1) Create your class by implementing the filter interface and override its methods.
public class MyFilter implements javax.servlet.Filter{
public void destroy(){}
public void doFilter(Request, Response, FilterChain){//do what you want to filter
}
........
}
2) Now configure your filter in web.xml
<filter>
<filter-name>myFilter</filter-name>
<filter-class>MyFilter</filter-class>
</filter>
3) Now provide url mapping of the filter.
<filter-mapping>
<filter-name>myFilter</filter-name>
<url-pattern>*</url-pattern>
</filter-mapping>
4) Now restart your server and check all the web request will first come to MyFilter and then proceed to the respective controller.
Hopefully it will be the required answer.
Your approach looks correct.
Once I have used something similar to following (Removed most of the lines and kept it simple).

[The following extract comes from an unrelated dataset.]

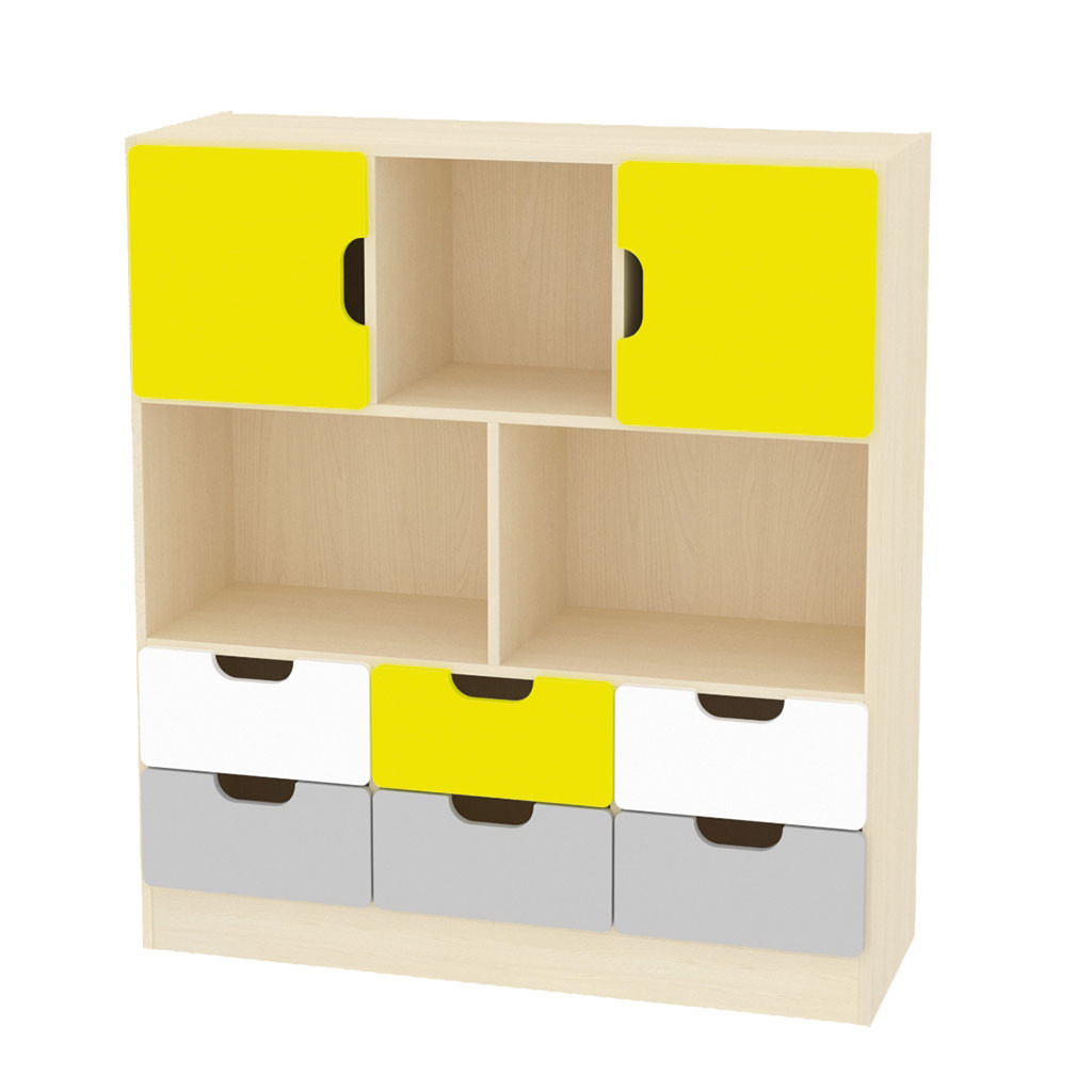 Kombinované 3D skříňky jsou vyrobeny z 18 mm DTD desky, která má zaoblenou ABS bezpečnostní hranu o tloušťce 2 mm. Dvířka jsou vyrobeny ze 16 mm MDF desky, jsou potaženy barevnou fólií a také mají zaoblenou hranu. Na dvířka se dají frézovat vzory, na výběr máte 92 motivů. Liší se typem korpusu, počtem a velikostí kontejnerů a dvířek. Máte možnost vybrat si skříňku podle našeho návrhu (obrázek), nebo si vytvořit vlastní barevnost skříňky. Vedle hlavního obrázku je přiložen typ korpusu. Na výběr máte korpus javor nebo buk.

public class MvcDispatcherServletInitializer extends AbstractAnnotationConfigDispatcherServletInitializer {
#Override
public void onStartup(ServletContext servletContext) throws ServletException {
super.onStartup(servletContext);
EnumSet<DispatcherType> dispatcherTypes = EnumSet.of(DispatcherType.REQUEST, DispatcherType.FORWARD, DispatcherType.ERROR);
FilterRegistration.Dynamic monitoringFilter = servletContext.addFilter("monitoringFilter", MonitoringFilter.class);
monitoringFilter.addMappingForUrlPatterns(dispatcherTypes, false, "/api/admin/*");
}
#Override
protected Class<?>[] getRootConfigClasses() {
return new Class[] { WebMvcConfig.class };
}
#Override
protected Class<?>[] getServletConfigClasses() {
return null;
}
#Override
protected String[] getServletMappings() {
return new String[] { "/" };
}
}
Also you need a custom filter looks like below.
public class CustomXHeaderFilter implements Filter {
#Override
public void doFilter(ServletRequest req, ServletResponse res, FilterChain chain) throws IOException, ServletException {
HttpServletRequest request = (HttpServletRequest) req;
HttpServletResponse response = (HttpServletResponse) res;
String xHeader = request.getHeader("X-Auth-Token");
if(YOUR xHeader validation fails){
//Redirect to a view
//OR something similar
return;
}else{
//If the xHeader is OK, go through the chain as a proper request
chain.doFilter(request, response);
}
}
#Override
public void destroy() {
}
#Override
public void init(FilterConfig arg0) throws ServletException {
}
}
Hope this helps.
Additionally you can use FilterRegistrationBean if you Spring Boot. It does the same thing (I think so) which FilterRegistration.Dynamic does.